Yes. Earlier rules take precedence if a subsequent rule conflicts.
-
Why use
.oeb (OEBinary) or .oeb.gz
as output format?
The OEB format is particularly suited to use for Omega output and input by
downstream applications.
-
OEB and better, OEB-gzipped are compact. This is particularly important when
parallelizing using PVM.
-
OEB explicitly stores multiconformer molecules as such. Alternatives such as
SDF do not and thus are fundamentally less reliable at preserving these
relationships.
-
OEB, like SDF, allows storage of generic data such as energies and scores.
-
Omega 2.0+ requires OEB output in PVM mode.
-
As of Omega 2.2, -rotorOffsetCompress is true by default which reduces the size
of ouput OEB.
-
Which Omega?
If you enter "omega " and get something like:
This is Omega, Version 3.14159--1.8 (Web2C 7.3.1)
Copyright (c) 1994--1999 John Plaice and Yannis Haralambous
... you're running the wrong program! This Omega is a TeX variant for unicode!
Try specifying the full path of the OpenEye Omega.
-
Can Omega enumerate all the stereoisomers of an input
molecule?
Omega cannot by itself permute the stereo configurations of an input molecule.
The recommended approach is to enumerate the desired stereoisomers prior to the
Omega run. Omega will infer R/S from the 2D SD file if possible, and stick with
that configuration.

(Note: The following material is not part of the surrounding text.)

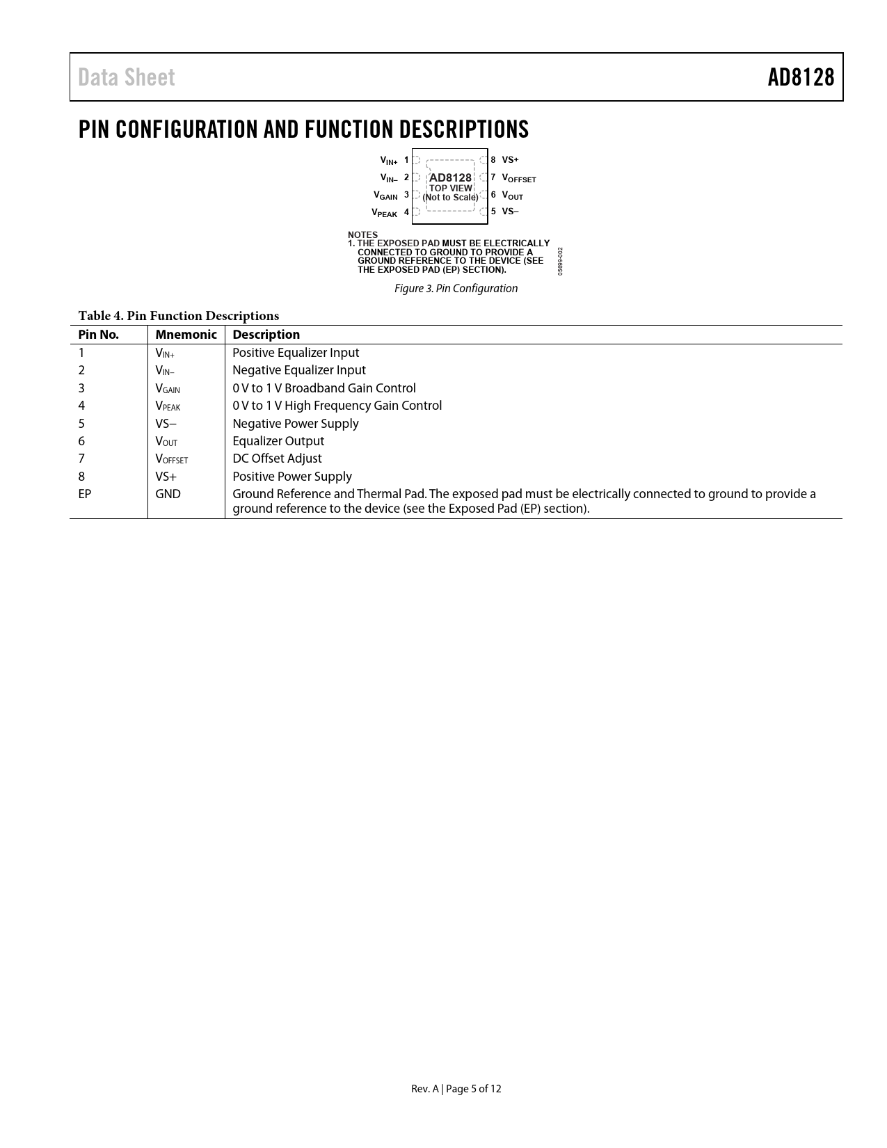 link to page 11 Data SheetAD8128PIN CONFIGURATION AND FUNCTION DESCRIPTIONSVIN+ 18 VS+VIN– 2AD81287 VOFFSETTOP VIEWVGAIN 36 V(Not to Scale)OUTVPEAK 45 VS–NOTES1. THE EXPOSED PAD MUST BE ELECTRICALLYCONNECTED TO GROUND TO PROVIDE A 002 GROUND REFERENCE TO THE DEVICE (SEETHE EXPOSED PAD (EP) SECTION). 05699- Figure 3. Pin Configuration Table 4. Pin Function Descriptions Pin No.Mnemonic Description 1 VIN+ Positive Equalizer Input 2 VIN− Negative Equalizer Input 3 VGAIN 0 V to 1 V Broadband Gain Control 4 VPEAK 0 V to 1 V High Frequency Gain Control 5 VS− Negative Power Supply 6 VOUT Equalizer Output 7 VOFFSET DC Offset Adjust 8 VS+ Positive Power Supply EP GND Ground Reference and Thermal Pad. The exposed pad must be electrically connected to ground to provide a ground reference to the device (see the Exposed Pad (EP) section). Rev. A | Page 5 of 12 Document Outline FEATURES APPLICATIONS FUNCTIONAL BLOCK DIAGRAM GENERAL DESCRIPTION REVISION HISTORY SPECIFICATIONS ABSOLUTE MAXIMUM RATINGS THERMAL RESISTANCE Maximum Power Dissipation ESD CAUTION PIN CONFIGURATION AND FUNCTION DESCRIPTIONS TYPICAL PERFORMANCE CHARACTERISTICS TEST CIRCUIT THEORY OF OPERATION INPUT COMMON-MODE VOLTAGE RANGE CONSIDERATIONS APPLICATIONS INFORMATION KVM APPLICATIONS DC CONTROL PINS CASCADED APPLICATIONS EXPOSED PAD (EP) LAYOUT AND POWER SUPPLY DECOUPLING CONSIDERATIONS EVALUATION BOARDS OUTLINE DIMENSIONS ORDERING GUIDE

Included with Omega is an auxilliary program "flipper"
which can enumerate stereoisomers for such a purpose. In addition, OEChem
includes source code examples for enumerating stereoisomers which can be
customized.
-
What elements can Omega handle?
C, N, O, F, S, P, Cl, Br, I, Si and H. Molecules containing other elements will
be skipped.
-
What does the upcarat ^ symbol mean in the SMARTS in torlib.txt?
Upcarat indicates the hybridization: ^3 means SP3, ^2 means SP2. This is one of
only two differences between OpenEye SMARTS and Daylight SMARTS; see the OEChem
manual for details.
-
What energies are calculated and reported by Omega?
The "-ewindow" value is applied relative to the lowest energy conformer. the
energies written to output formats which can contain energies (.mol2 and .sdf)
are standard MMFF94 energies, in kcal/mol.
-
What force field is used by Omega?
The options -buildff and -searchff are
both set by default to mmff94s_NoEstat which is designed to
improve reproduction of aqueous solution phase conformations. Other choices:
mmff, mmff_NoEstat, mmff_Trunc,
mmff94s, mmff94s_NoEstat, mmff94s_Trunc.
-
Stochastic versus deterministic: when can Omega results
vary for the same inputs?
First and foremost, note that inconsistent results between separate Omega
executions do not imply that results are incorrect relative to the design goals
or stipulated parameters, rmsd, energy, etc. There are no known cases where the
inconsistencies discussed reflect actual errors. However, for several reasons it
is desireable to have numerically identical results for constant program version,
input data and parameters, independent of input order, format, platform, time,
phase of the moon, etc.
Although number of conformers per molecule is a conspicuous result, note that it
can be a deceptive measure. Given the combinatorial nature of conformer
enumeration, that number should probably be regarded on a logarithmic scale. For
example, 440 vs. 220 can result from just one more torsion angle value at one
rotor.
The distance geometry 2D->3D method used in Omega involves a stochastic step
which can result in somewhat different results for the same input molecule. Of
course "stochastic", on a digital computer, usually and in this case implies
pseudo-random numbers based on a seed. It is a design goal that results not
vary or vary minimally due to the stochastic step.
In Omega 2.1+, the input molecule atom order is canonicalized. This eliminates
another cause of variation in results.
With Omega the use of a stochastic step is limited since the program relies on a
fragment database which can be large and comprehensive. For any user dataset,
it is possible to augment the supplied fragment database so that the fragment
database is comprehensive, so the stochastic distance geometry algorithm need
not ever be invoked during the Omega run itself (only by makefraglib).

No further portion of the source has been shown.